That’s the three books so far, condensed extravagantly (sorry for those who wished for more detail. These are criminally short summaries… but we’re focusing on the main plot for now). Now that we’ve come to Rhythm of War, how does this book stack up compared to the other three so far?

The Good
There is a lot of good in this book, as there always has been for Sanderson. Here’s a few that stand out to me. But first, a short summary. Spoilers of the entire book to follow.

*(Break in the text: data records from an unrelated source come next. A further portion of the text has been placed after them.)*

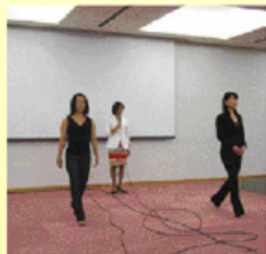
▲教育訓練の実技指導
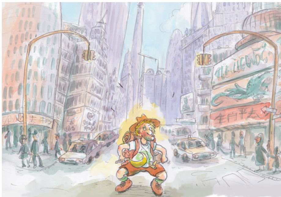
Illustration : Claire Astruc
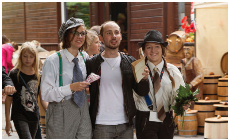
Festiwal Trzech Kultur we Włodawie
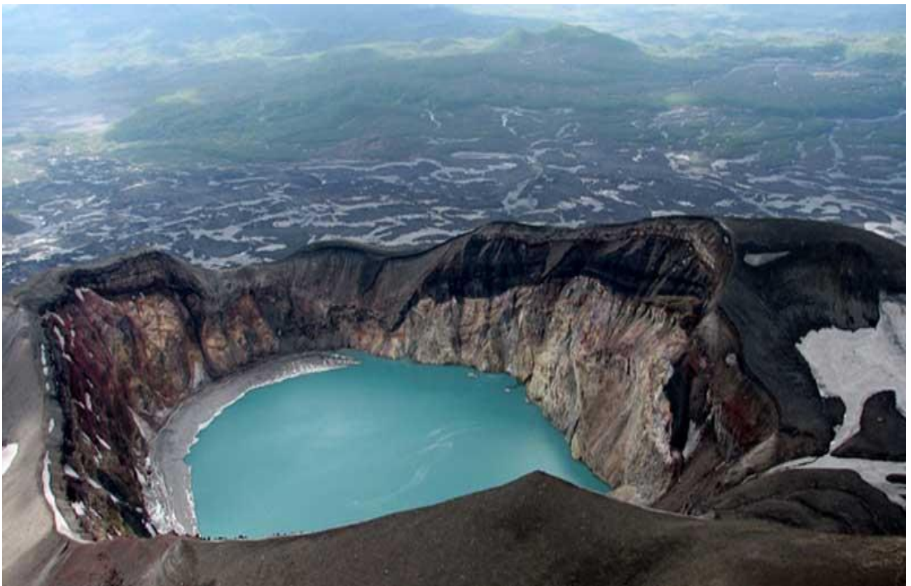
Scoprire i vulcani ghiacciati della Penisola della Kamchatka
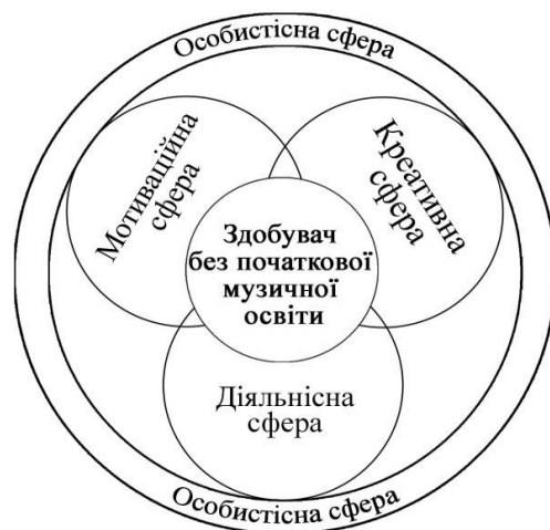
Рис. 1 Сфери персонального освітнього середовища професійної підготовки майбутніх учителів музичного мистецтва без початкової музичної освіти

проводилось на основі діаграми Ейлера-Венна (рис. 1). Такий підхід мав місце в працях О. Єжової, Ю. Єчкало, Л. Карпової [2; 4; 10]. У нашому підході цей простір представлено як сукупність чотирьох сфер, кожна з яких є відповідною підструктурою, що сприяє формуванню конкретного компоненту персонального освітнього середовища, а саме: діяльнісної, мотиваційної, креативної та особистісної сфери [6; 9].
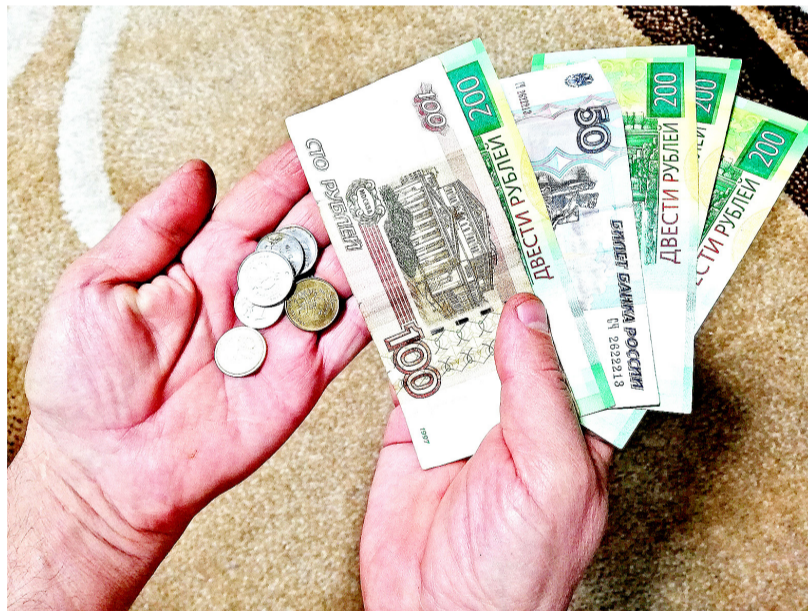
Родители несут ответственность за своих детей
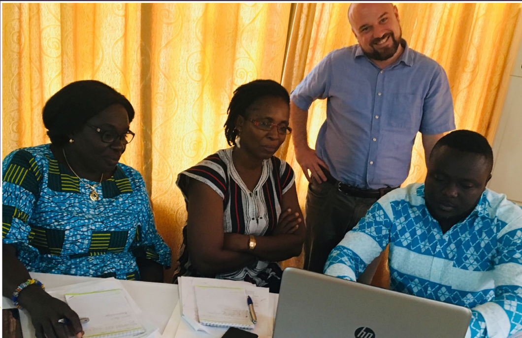
Սոցիալական ապահովության վարչություն և ՄԱԿ-ի երեխաների հիմնադրամ, Գործողությունների պլանավորման աշխատանքային հանդիպում, Գանա, Լուսանկար Մարի Հիբման, MEASURE Evaluation.

փաթեթը, որը ներառում էր 2 ծառայություն կյանքի դժվարին իրավիճակում գտնվող երեխաների համար՝ աջակցություն երեխաներ ունեցող ընտանիքներին և անհատական օգնություն հաշմանդամություն ունեցող երեխաների համար: Մուլտիվալի բոլոր շրջանները այժմ ունեն ընտանեկան աջակցության ծառայություններ, որոնք կարևոր նշանակություն ունեն բաժանման կանխարգելման և վերաինտեգրման համար: Ի պատասխան ոչ ֆորմալ խնամքի ժամանակ երեխաների պատշաճ պաշտպանության ապահովման վերաբերյալ առաջարկության, Մուլտիվալ մշակում է օրենսդրություն, որի շնորհիվ աջակցություն կտրամադրվի ոչ ֆորմալ խնամակալության ներքո գտնվող երեխաներին և նրանց խնամակալներին:
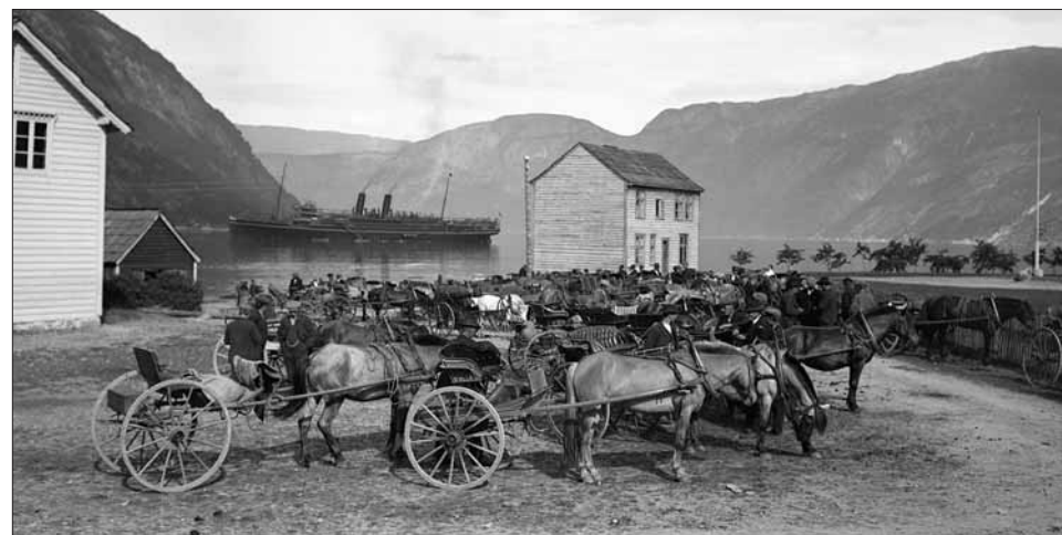
Når dei store turistskipa ankra opp i vika utanfor Eidfjord kring hundreårsskiftet, stod hesteskyssane oppstilte på rekkje og rad.
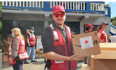
“Es una experiencia que no tiene costo; es una experiencia que no hay forma de hacerla tangible”
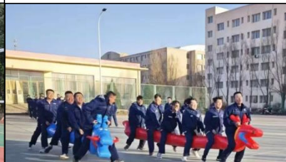
宁夏蛋氨酸职工文化艺术节活动
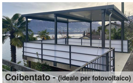
Coibentato - (ideale per fotovoltaico)

Copertura di protezione eseguita con lastre di vetro securizzato, temperato e indurito
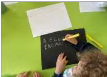
Figura 14. Construção da capa.
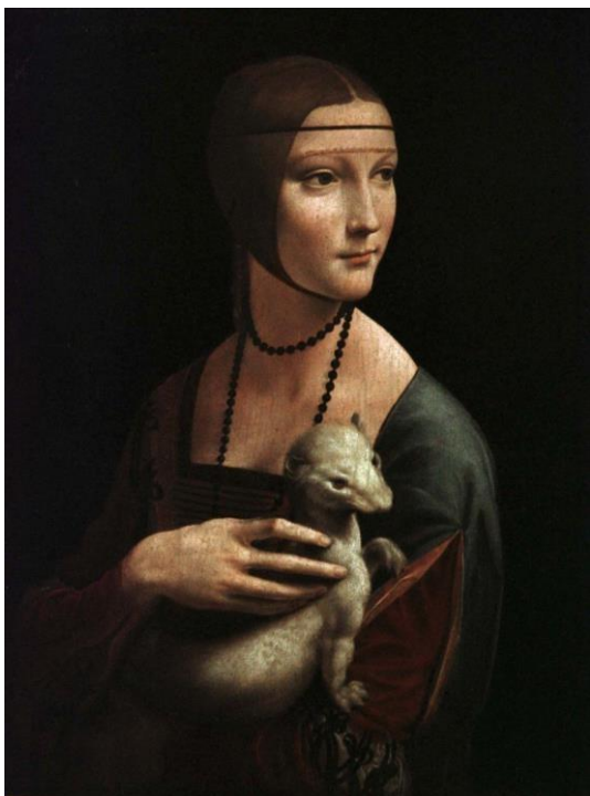
Slika 2: Leonardo Da Vinci, Dama s hermelinom , 1489.
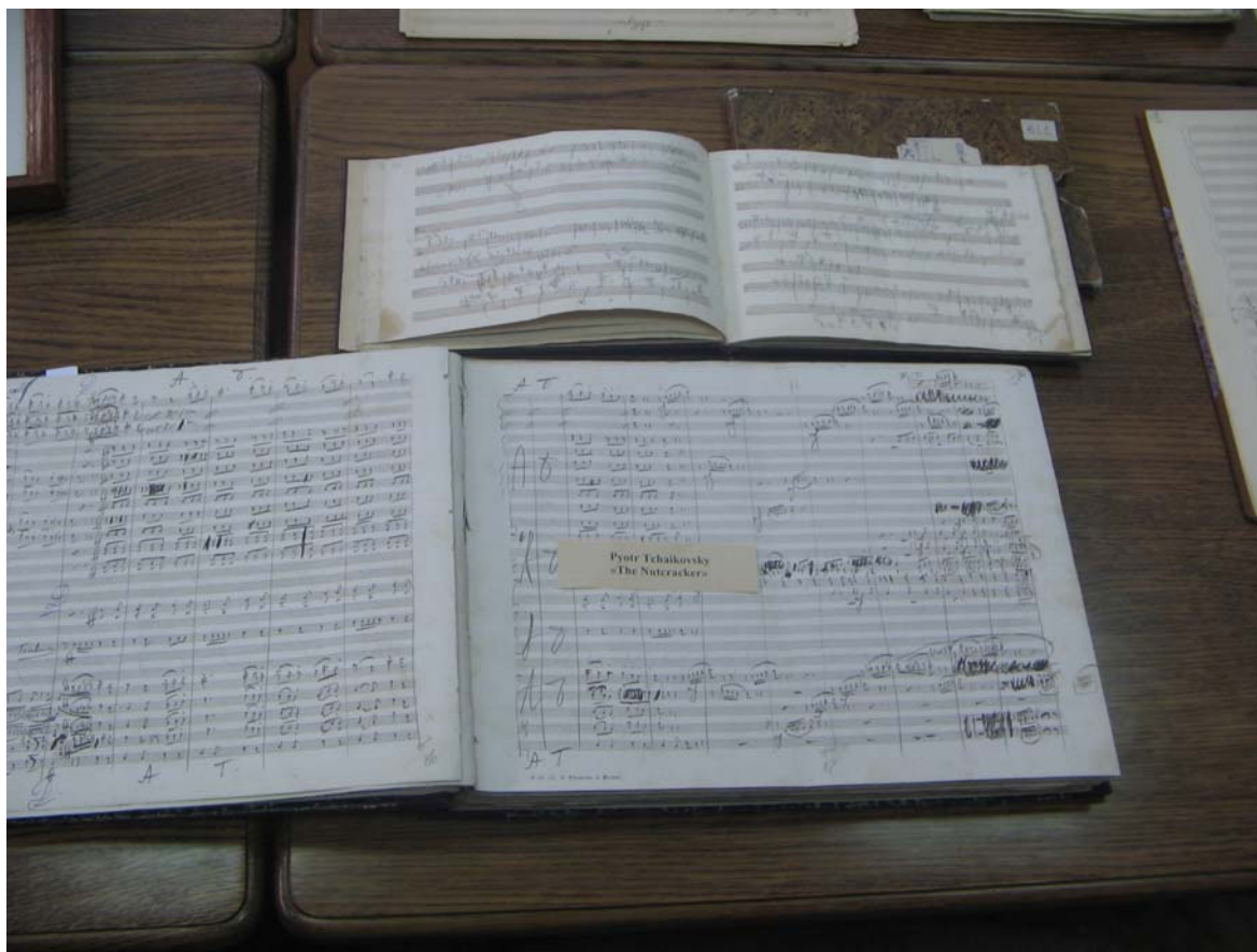
Das „Nussknacker“-Manuskript von Tschaiowsky in der Bibliothek des Glinka-Museums
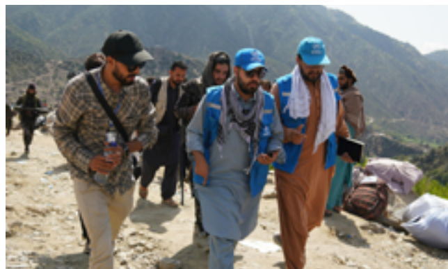
Ett team från UNHCR rekar omfattningen av skadorna efter jordbävningen i september 2025.

Vagabond Shoemakers Foundation har sedan de bildades 2023 bidragit med stora belopp till människor på flykt. Under 2025 bidrog de till Afghanistan, Sudan och även icke öronmärkta pengar. Men redan innan stiftelsen skapades har Vagabond International bidragit med generösa belopp sedan 2017.

It’s been a year since Oathbringer, and the war continues to grind on. We start with an operation to rescue the city of Hearthstone using Navani’s new experimental floating platform, including Kaladin’s father, as well as a Herdazian military genius called the Mink. After the operation, we see the new world being built in Urithuru. As war wages around, Kaladin, Adolin, Shallan, and the rest of Bridge Four have built a friendship and a family. However, after Kaladin freezes up in battle when seeing Moash, Dalinar asks him to step down from military service. Kaladin must find out what to do next in his life. Meanwhile, Adolin and Shallan travel to Shadesmar because Honorspren have stopped coming to bond new Windrunner Knights Radiant. They set out to convince them to give humans a try again. At the same time, we get to see the point of view of Venli, the last surviving Listener who now works under two powerful immortal Fused, Lewshi and Raboniel. However, at the end of Oathbringer, she also bonded a Spren and became a Knight Radiant, the first Singer/Listener Knight Radiant in thousands years. While Dalinar, Jasnah, the Mink, and others head to Emul to fight decisive battles against the Singers and Fused, Navani holds down the tower of Urithuru, working on her experiments and a mysterious voice sending her letters. However, war in Emul is a feint, and the Singers and Fused capture Urithuru, shutting off most Radiant’s powers. Now, it’s Die Hard with magic, and Kaladin must fight the occupation while Navani tries to work with Venli and Raboniel while undermining them at the same time. The voice was the spren of the tower, the Sibling, and now Raboniel is trying to kill it. After many ups and downs, Urithuru is freed, Venli reveals herself which makes Lewshi betray Odium, Shallan and Adolin manage to convince some of the Honorspren through the testimony of his “Deadeye” Spren Maya, and Dalinar finds out that many of the Heralds are far crazier than they thought.
Spoilers for the rest of the book to follow as we discuss some highlights.
Raboniel, Lady of Wishes was a highlight of the book for me, as was the window into Singer and Fused culture. Raboniel is a Fused who is a master of science. She’s almost a “mad scientist” so to speak. In the previous Desolation, she tried to invent a disease to wipe out humanity and she didn’t care if it killed Singers as well. Thankfully it did not work, but she is known for being cold, ferocious, and calculating. However, through both the singer Venli and the captured Navani, we see a completely different side of her. She is fascinated by the science of Voidlight, Stormlight, Lifelight, and how they mix. At first, Raboniel says she wants to get anti-Voidlight to kill Odium, to end the war once and for all. But it is revealed she wants anti-Voidlight to kill Spren, and that the Fused are almost half-Spren, half-physical beings. Raboniel has a daughter Fused who is insane because she has traveled back and forth to Braize too many times. So, once anti-Voidlight is invented, she uses it to kill her daughter. Then, she gives the dagger to Moash, to kill Kaladin once and for all. The twists and turns of Raboniel are really interesting. She’s the first Fused that we’re really gotten to see up close and personal from multiple perspectives, and the insights she offers on Singer culture and Fused culture and serving Odium are really cool. She puts flesh and bones on the evil of the Fused, and you understand why they are the way they are. She’s a really great “understandable Villain,” always one step ahead of the heroes until she isn’t and Navani outthwarts her. But even to the end, Raboniel has respect for Navani and helps her defeat Moash. She was the best part of the book for me and a really well-written character.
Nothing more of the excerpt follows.